DraftWise Leverages Cohere, Will Keep Narrow Focus

DraftWise, the contract drafting and negotiation pioneer, is leveraging the genAI search capabilities of Cohere to expand what it can do for its law firm clients.

James Ding, CEO at DraftWise, told Artificial Lawyer: ‘They focus on enterprise search. Cohere’s retrieval is state of the art and so that is increasing the accuracy of our retrieval.’

And this matters, as a central part of what DraftWise does is find previous examples, or related examples, of clauses in a firm’s prior work product, then surfaces those that are most relevant or useful, and that allows a lawyer to be more efficient in how they draft – and draft with the language they really want to use.

James Ding, DraftWise CEO.

Ding noted that they need to be able to search a huge volume of documents to find the right contract information for users, so Cohere, which ‘uses agentic workflows [with] self-evaluation’ and is designed to work on an enterprise scale is a good fit for their needs.

He also stressed that this is not just a case of a simple find ‘X’ demand, but can mean helping a lawyer to search for related key concepts, or to rephrase language in a clause, or even to ‘reverse engineer redlines’ – all of which taps what generative AI can do well.

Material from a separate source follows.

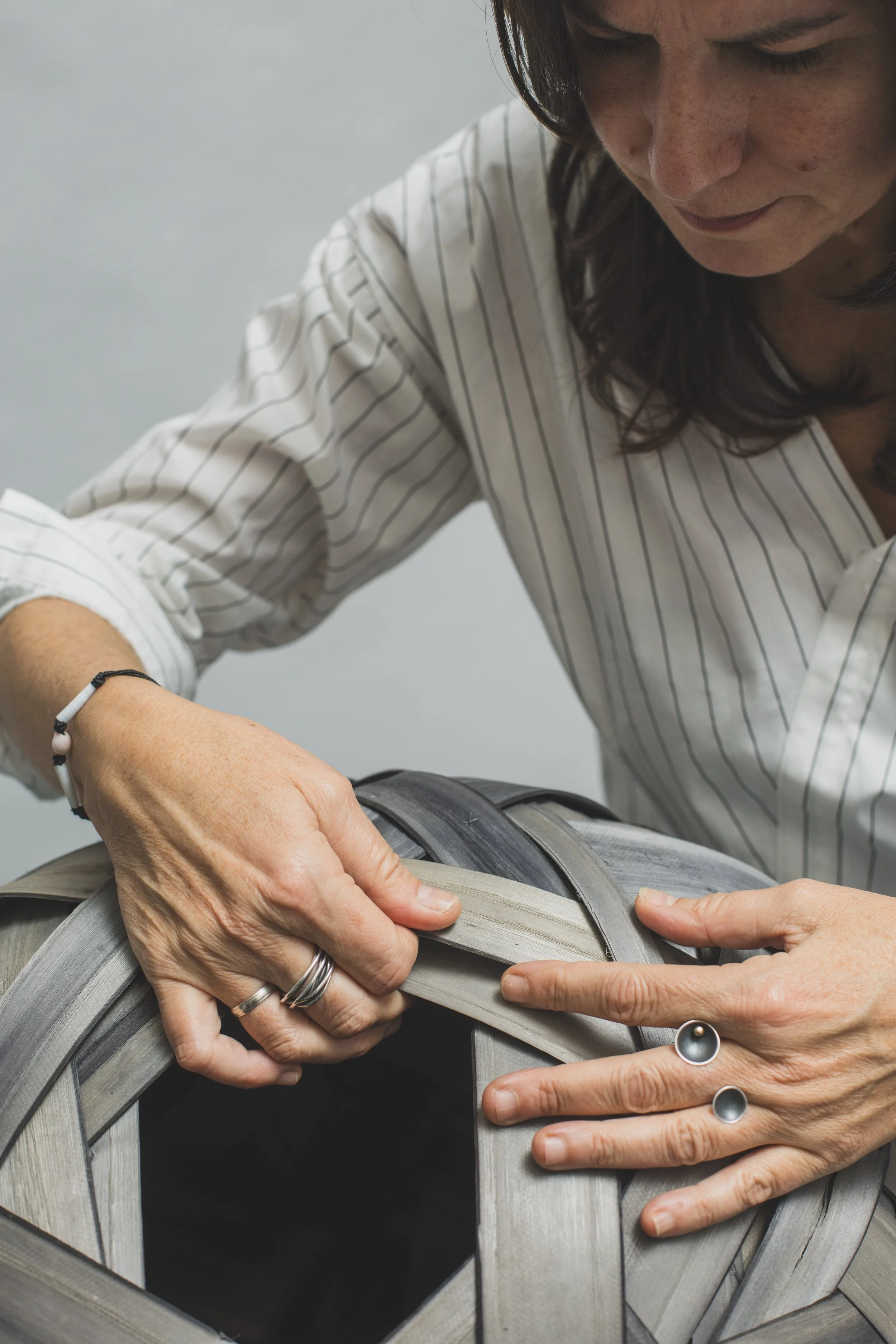For Cuesta, weaving is not a matter of following patterns but of entering into dialogue with material. Chestnut, willow, wool and other fibres are never neutral resources; each carries an identity — the resilience of the tree it comes from, the rhythm of its growth, the atmosphere of its landscape. “In my work, I am guided above all by the materials,” she says. “Their behaviour, their response when handled, and what they transmit through touch. I love to confront them and play with them as a way of expression.”

Narrow Focus + Growth Strategy

The majority of their clients are in the US, but they are also now expanding in the UK with a small number of larger firms here using the company’s software. In the US clients include Orrick and Gunderson. Mishcon de Reya, which incubated the company in its MDR Lab some time ago, is a customer in the UK, among others.

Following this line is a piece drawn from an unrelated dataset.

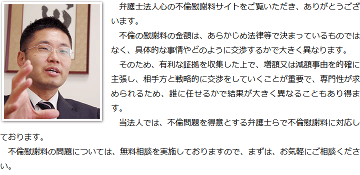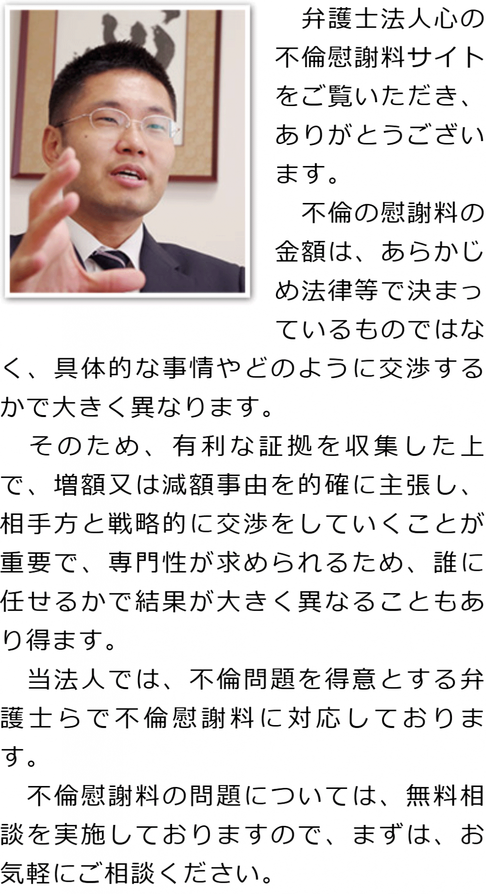 トップその他代表メッセージ 階層構造▼ その他(目次) 代表メッセージ その他(目次)その他トップ共通バナー元※削除不可心グループニュース(新着情報)弁護士・スタッフ選ばれる理由お役立ち情報・Q&Aお役立ち情報不倫の慰謝料請求の時効不倫慰謝料請求の際に満たすべき条件Q&A不倫慰謝料の求償権に関するQ&A電話相談・テレビ電話相談について代表メッセージプライバシーポリシー 受付時間 平日 9時~21時、土日祝 9時~18時 夜間・土日祝の相談も対応します (要予約) 所在地 〒111-1111 ●町●●建物● 0120-41-2403 お問合せ・アクセス・地図

They have a staff of around 50 now and earlier this year gained $20m in a Series A funding round.

Meanwhile, above and beyond the addition of genAI to deepen what DraftWise can do in terms of helping lawyers to find what they need to draft well, Ding is adamant that their focus is on their core purpose and they will not widen it out by using a convergence strategy driven by an LLM multi-skill approach.

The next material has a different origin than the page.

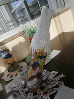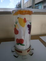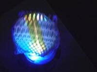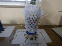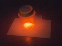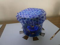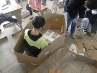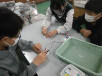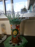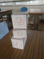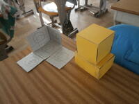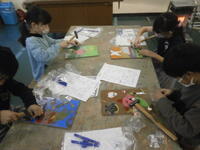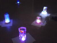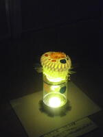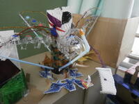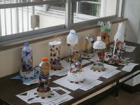 ペットボトルや家にある材料を使って作りました。暗い中で作品の中の光をつけると・・・ この後、視聴覚室を暗くして鑑賞会も行う予定です。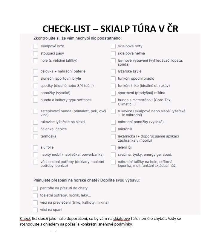 - Pro kurzy v Tatrách - ovládat skialpovou výbavu a mít zkušenosti se sjezdem v neupraveném terénu

They simply don’t want to offer AI skills that they are not expert in, something that Ding believes some companies may end up doing by offering a very wide range of LLM-based capabilities. He added they will not try to compete with those multifaceted companies either, and instead double down on the development of their product and make it even better.

‘We are very bespoke. We’ve picked a few workflows and the other ones we won’t cover,’ he stated.

That’s a clear signal that not everyone wants to try the convergence strategy, and instead some, like DraftWise, will go all-in on becoming a leading point solution that will stand out from the crowd.

They will also keep focusing on larger law firms and not seek out inhouse clients, or smaller law firms. The logic is that DraftWise helps top firms with highly complex contracts and that’s where they can add the most value.

‘There is more momentum now,’ Ding explained. ‘In the last two years growth has accelerated. [But] we will focus on what we are good at.’

Doing a lot for everyone means not being perfect for anyone,’ he concludes.

And in a world where the legal tech market is shifting so rapidly because of genAI, having a clear strategy is one of the most important things.